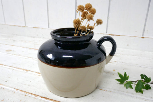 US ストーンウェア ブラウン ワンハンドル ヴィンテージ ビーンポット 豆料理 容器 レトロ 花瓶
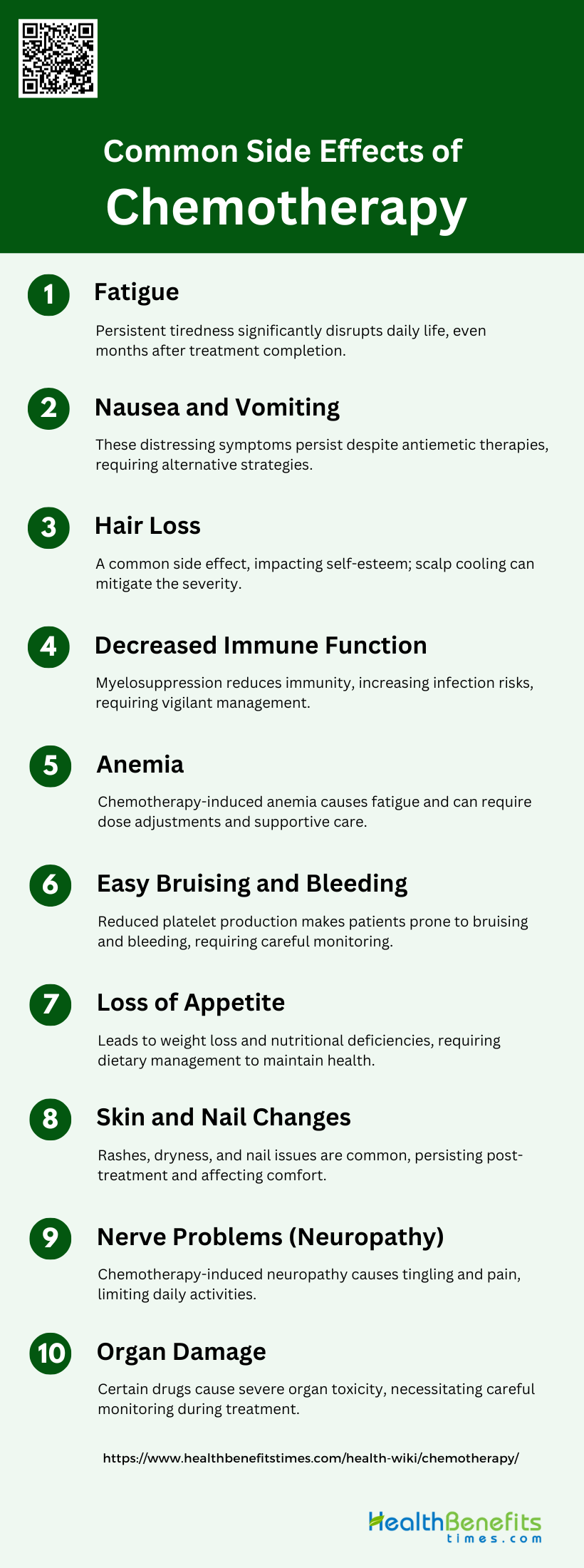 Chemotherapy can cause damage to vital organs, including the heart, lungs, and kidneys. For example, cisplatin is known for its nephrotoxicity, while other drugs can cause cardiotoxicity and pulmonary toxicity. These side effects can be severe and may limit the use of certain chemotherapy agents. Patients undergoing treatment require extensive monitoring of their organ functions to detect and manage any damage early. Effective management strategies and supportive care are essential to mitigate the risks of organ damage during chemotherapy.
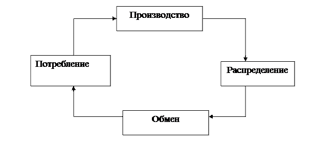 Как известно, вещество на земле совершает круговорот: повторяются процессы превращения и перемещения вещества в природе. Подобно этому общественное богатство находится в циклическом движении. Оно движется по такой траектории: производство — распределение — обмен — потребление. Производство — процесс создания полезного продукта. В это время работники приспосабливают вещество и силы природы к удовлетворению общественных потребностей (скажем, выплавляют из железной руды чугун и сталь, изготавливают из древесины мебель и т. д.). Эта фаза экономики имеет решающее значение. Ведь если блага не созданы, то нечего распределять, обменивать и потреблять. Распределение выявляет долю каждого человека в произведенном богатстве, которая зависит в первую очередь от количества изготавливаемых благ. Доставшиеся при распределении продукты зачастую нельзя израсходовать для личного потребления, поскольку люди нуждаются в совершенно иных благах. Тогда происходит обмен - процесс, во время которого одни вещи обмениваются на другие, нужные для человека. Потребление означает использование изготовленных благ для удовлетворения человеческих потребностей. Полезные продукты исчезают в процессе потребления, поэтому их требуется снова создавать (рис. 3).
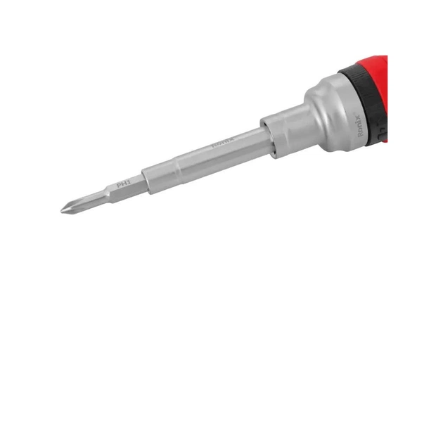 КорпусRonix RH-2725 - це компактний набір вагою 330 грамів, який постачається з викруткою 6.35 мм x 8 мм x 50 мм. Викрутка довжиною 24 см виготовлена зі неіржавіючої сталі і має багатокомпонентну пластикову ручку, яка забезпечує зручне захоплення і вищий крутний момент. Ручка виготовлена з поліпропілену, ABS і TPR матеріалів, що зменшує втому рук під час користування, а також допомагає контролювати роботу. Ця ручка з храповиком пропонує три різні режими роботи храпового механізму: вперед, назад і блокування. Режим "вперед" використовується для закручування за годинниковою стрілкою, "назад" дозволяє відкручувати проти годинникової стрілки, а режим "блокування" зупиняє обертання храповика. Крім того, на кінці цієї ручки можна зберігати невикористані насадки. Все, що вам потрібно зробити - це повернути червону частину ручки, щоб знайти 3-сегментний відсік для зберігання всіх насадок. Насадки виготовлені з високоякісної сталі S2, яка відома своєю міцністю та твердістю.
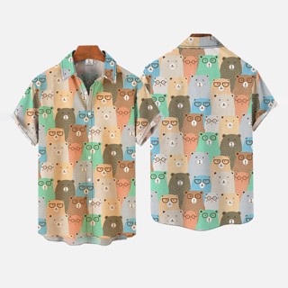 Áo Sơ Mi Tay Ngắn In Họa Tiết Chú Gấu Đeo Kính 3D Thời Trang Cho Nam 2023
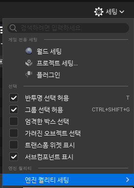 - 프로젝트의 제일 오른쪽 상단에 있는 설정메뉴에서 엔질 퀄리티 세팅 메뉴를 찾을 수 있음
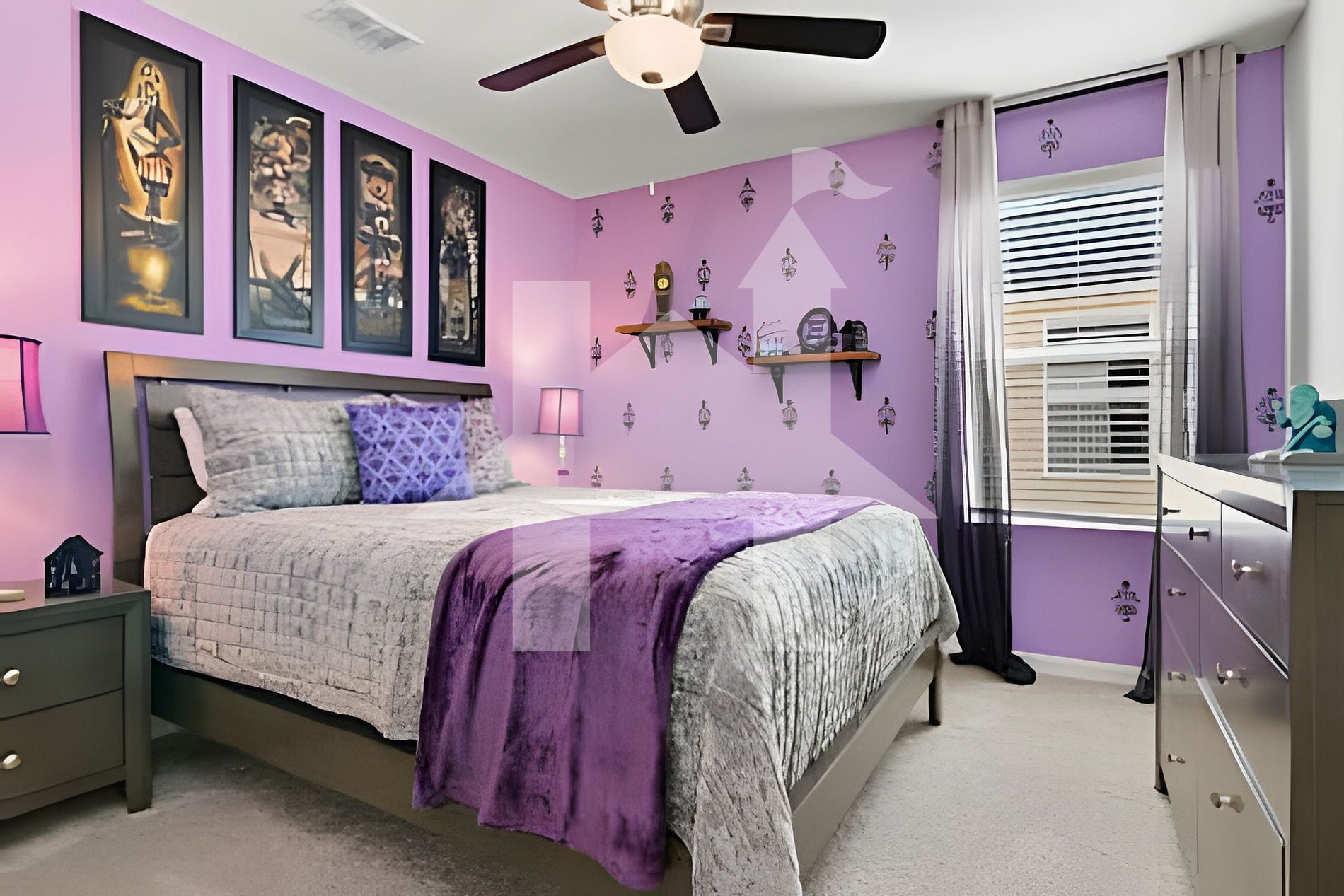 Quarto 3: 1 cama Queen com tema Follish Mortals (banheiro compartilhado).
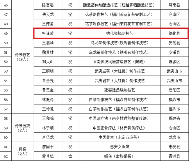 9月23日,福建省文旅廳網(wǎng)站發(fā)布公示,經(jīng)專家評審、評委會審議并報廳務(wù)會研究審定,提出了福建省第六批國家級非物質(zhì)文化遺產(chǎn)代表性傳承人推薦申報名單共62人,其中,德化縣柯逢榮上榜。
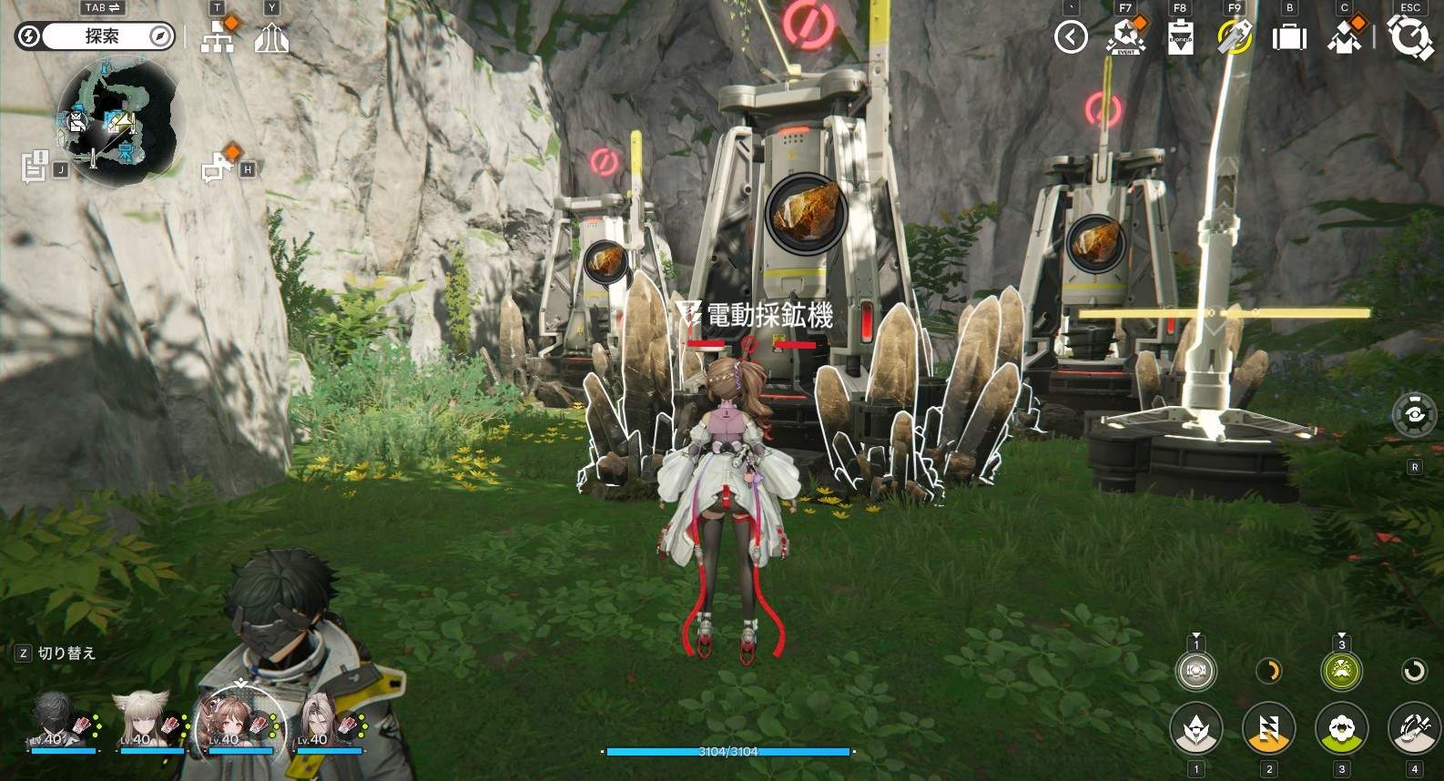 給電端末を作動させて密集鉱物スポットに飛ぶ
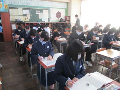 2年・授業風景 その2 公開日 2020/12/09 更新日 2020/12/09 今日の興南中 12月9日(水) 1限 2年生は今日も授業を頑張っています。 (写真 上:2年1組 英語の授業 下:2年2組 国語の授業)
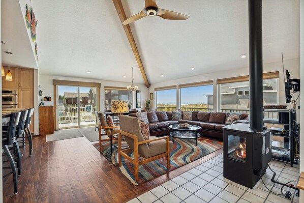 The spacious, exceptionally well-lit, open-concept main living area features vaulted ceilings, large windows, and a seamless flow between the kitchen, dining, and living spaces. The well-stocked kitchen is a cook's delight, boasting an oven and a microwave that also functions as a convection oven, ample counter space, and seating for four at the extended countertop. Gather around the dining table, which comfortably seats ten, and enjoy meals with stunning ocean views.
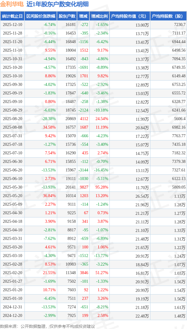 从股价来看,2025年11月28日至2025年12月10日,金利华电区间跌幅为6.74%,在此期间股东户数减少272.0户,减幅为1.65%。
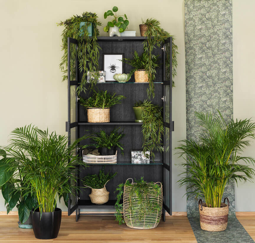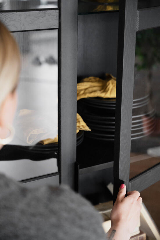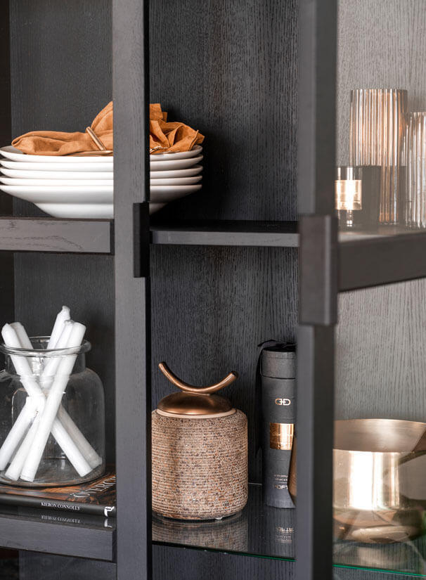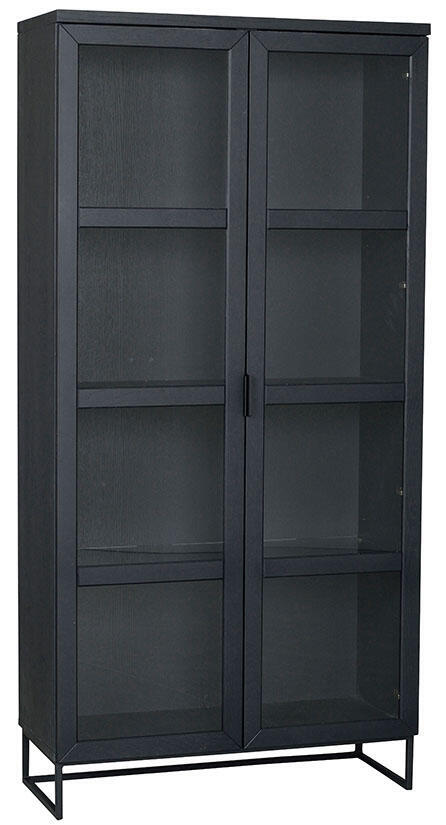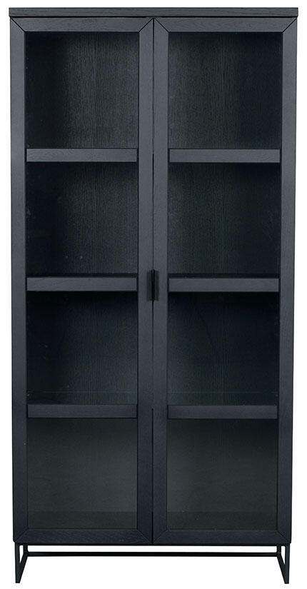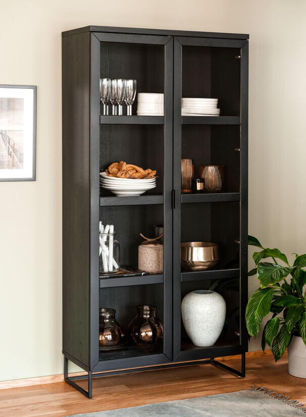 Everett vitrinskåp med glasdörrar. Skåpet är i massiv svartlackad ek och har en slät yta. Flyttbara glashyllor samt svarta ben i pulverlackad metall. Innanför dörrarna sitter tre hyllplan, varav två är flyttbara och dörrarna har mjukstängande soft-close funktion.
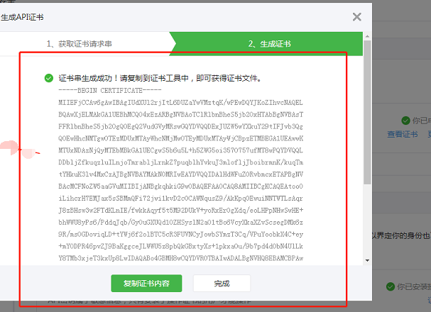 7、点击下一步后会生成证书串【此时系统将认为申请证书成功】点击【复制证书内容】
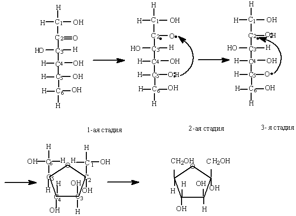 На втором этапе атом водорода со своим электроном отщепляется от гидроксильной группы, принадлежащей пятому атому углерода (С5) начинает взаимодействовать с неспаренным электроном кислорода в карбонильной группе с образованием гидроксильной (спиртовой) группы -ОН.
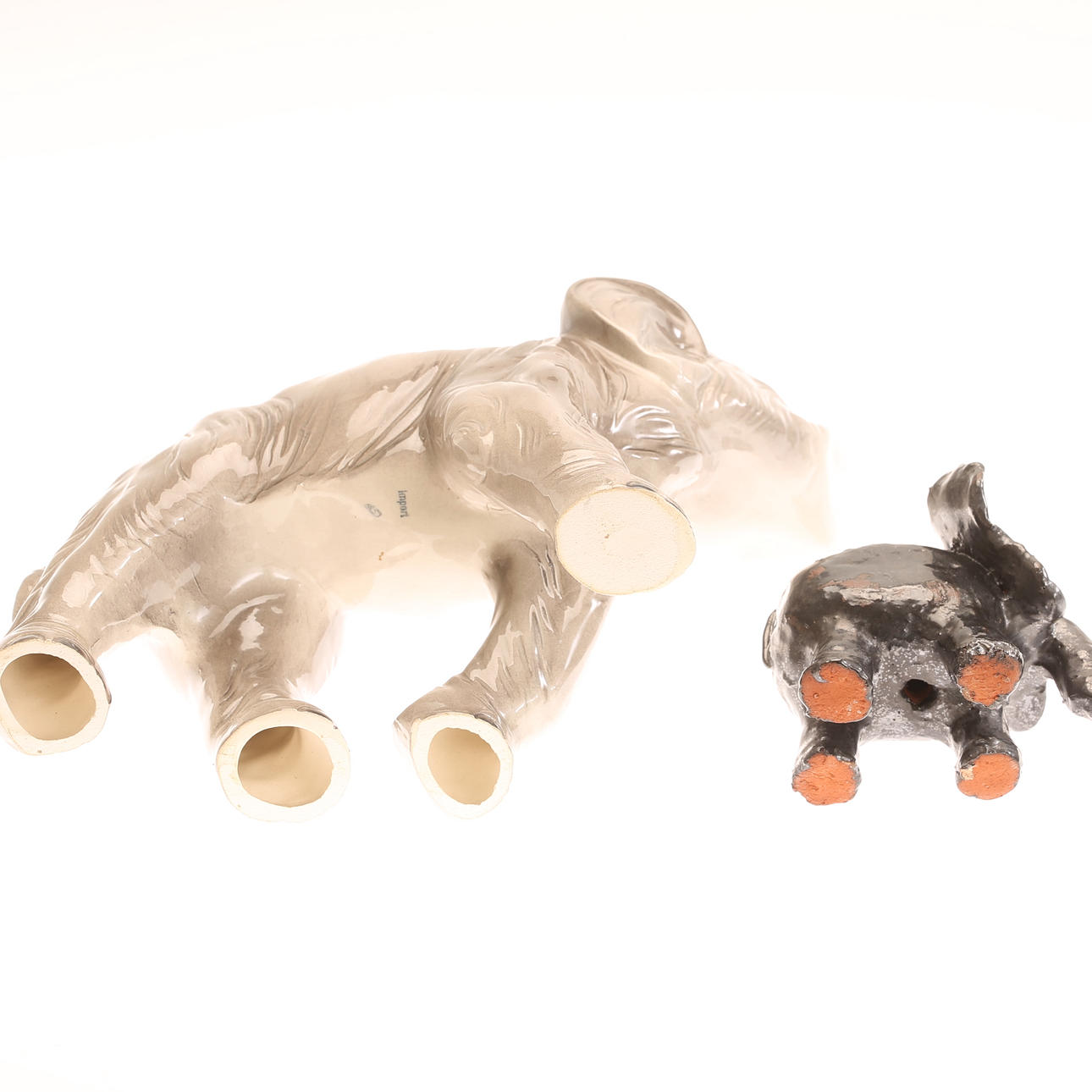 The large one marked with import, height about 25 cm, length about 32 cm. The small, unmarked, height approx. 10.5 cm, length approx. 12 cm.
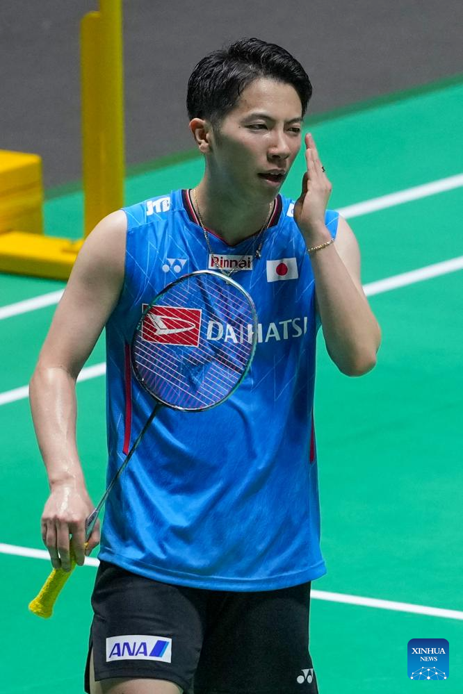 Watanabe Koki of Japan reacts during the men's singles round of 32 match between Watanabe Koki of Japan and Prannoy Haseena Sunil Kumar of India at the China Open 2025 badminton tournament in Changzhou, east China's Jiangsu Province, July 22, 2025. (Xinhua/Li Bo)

****

Directions for this task. Everything in the entries above except the pictures should be given again exactly.

Answer to the exercise.
 US ストーンウェア ブラウン ワンハンドル ヴィンテージ ビーンポット 豆料理 容器 レトロ 花瓶
 Chemotherapy can cause damage to vital organs, including the heart, lungs, and kidneys. For example, cisplatin is known for its nephrotoxicity, while other drugs can cause cardiotoxicity and pulmonary toxicity. These side effects can be severe and may limit the use of certain chemotherapy agents. Patients undergoing treatment require extensive monitoring of their organ functions to detect and manage any damage early. Effective management strategies and supportive care are essential to mitigate the risks of organ damage during chemotherapy.
 Как известно, вещество на земле совершает круговорот: повторяются процессы превращения и перемещения вещества в природе. Подобно этому общественное богатство находится в циклическом движении. Оно движется по такой траектории: производство — распределение — обмен — потребление. Производство — процесс создания полезного продукта. В это время работники приспосабливают вещество и силы природы к удовлетворению общественных потребностей (скажем, выплавляют из железной руды чугун и сталь, изготавливают из древесины мебель и т. д.). Эта фаза экономики имеет решающее значение. Ведь если блага не созданы, то нечего распределять, обменивать и потреблять. Распределение выявляет долю каждого человека в произведенном богатстве, которая зависит в первую очередь от количества изготавливаемых благ. Доставшиеся при распределении продукты зачастую нельзя израсходовать для личного потребления, поскольку люди нуждаются в совершенно иных благах. Тогда происходит обмен - процесс, во время которого одни вещи обмениваются на другие, нужные для человека. Потребление означает использование изготовленных благ для удовлетворения человеческих потребностей. Полезные продукты исчезают в процессе потребления, поэтому их требуется снова создавать (рис. 3).
 КорпусRonix RH-2725 - це компактний набір вагою 330 грамів, який постачається з викруткою 6.35 мм x 8 мм x 50 мм. Викрутка довжиною 24 см виготовлена зі неіржавіючої сталі і має багатокомпонентну пластикову ручку, яка забезпечує зручне захоплення і вищий крутний момент. Ручка виготовлена з поліпропілену, ABS і TPR матеріалів, що зменшує втому рук під час користування, а також допомагає контролювати роботу. Ця ручка з храповиком пропонує три різні режими роботи храпового механізму: вперед, назад і блокування. Режим "вперед" використовується для закручування за годинниковою стрілкою, "назад" дозволяє відкручувати проти годинникової стрілки, а режим "блокування" зупиняє обертання храповика. Крім того, на кінці цієї ручки можна зберігати невикористані насадки. Все, що вам потрібно зробити - це повернути червону частину ручки, щоб знайти 3-сегментний відсік для зберігання всіх насадок. Насадки виготовлені з високоякісної сталі S2, яка відома своєю міцністю та твердістю.
 Áo Sơ Mi Tay Ngắn In Họa Tiết Chú Gấu Đeo Kính 3D Thời Trang Cho Nam 2023
 - 프로젝트의 제일 오른쪽 상단에 있는 설정메뉴에서 엔질 퀄리티 세팅 메뉴를 찾을 수 있음
 Quarto 3: 1 cama Queen com tema Follish Mortals (banheiro compartilhado).
 9月23日,福建省文旅廳網(wǎng)站發(fā)布公示,經(jīng)專家評審、評委會審議并報廳務(wù)會研究審定,提出了福建省第六批國家級非物質(zhì)文化遺產(chǎn)代表性傳承人推薦申報名單共62人,其中,德化縣柯逢榮上榜。
 給電端末を作動させて密集鉱物スポットに飛ぶ
 2年・授業風景 その2 公開日 2020/12/09 更新日 2020/12/09 今日の興南中 12月9日(水) 1限 2年生は今日も授業を頑張っています。 (写真 上:2年1組 英語の授業 下:2年2組 国語の授業)
 The spacious, exceptionally well-lit, open-concept main living area features vaulted ceilings, large windows, and a seamless flow between the kitchen, dining, and living spaces. The well-stocked kitchen is a cook's delight, boasting an oven and a microwave that also functions as a convection oven, ample counter space, and seating for four at the extended countertop. Gather around the dining table, which comfortably seats ten, and enjoy meals with stunning ocean views.
 从股价来看,2025年11月28日至2025年12月10日,金利华电区间跌幅为6.74%,在此期间股东户数减少272.0户,减幅为1.65%。
 Everett vitrinskåp med glasdörrar. Skåpet är i massiv svartlackad ek och har en slät yta. Flyttbara glashyllor samt svarta ben i pulverlackad metall. Innanför dörrarna sitter tre hyllplan, varav två är flyttbara och dörrarna har mjukstängande soft-close funktion.
 7、点击下一步后会生成证书串【此时系统将认为申请证书成功】点击【复制证书内容】
 На втором этапе атом водорода со своим электроном отщепляется от гидроксильной группы, принадлежащей пятому атому углерода (С5) начинает взаимодействовать с неспаренным электроном кислорода в карбонильной группе с образованием гидроксильной (спиртовой) группы -ОН.
 The large one marked with import, height about 25 cm, length about 32 cm. The small, unmarked, height approx. 10.5 cm, length approx. 12 cm.
 Watanabe Koki of Japan reacts during the men's singles round of 32 match between Watanabe Koki of Japan and Prannoy Haseena Sunil Kumar of India at the China Open 2025 badminton tournament in Changzhou, east China's Jiangsu Province, July 22, 2025. (Xinhua/Li Bo)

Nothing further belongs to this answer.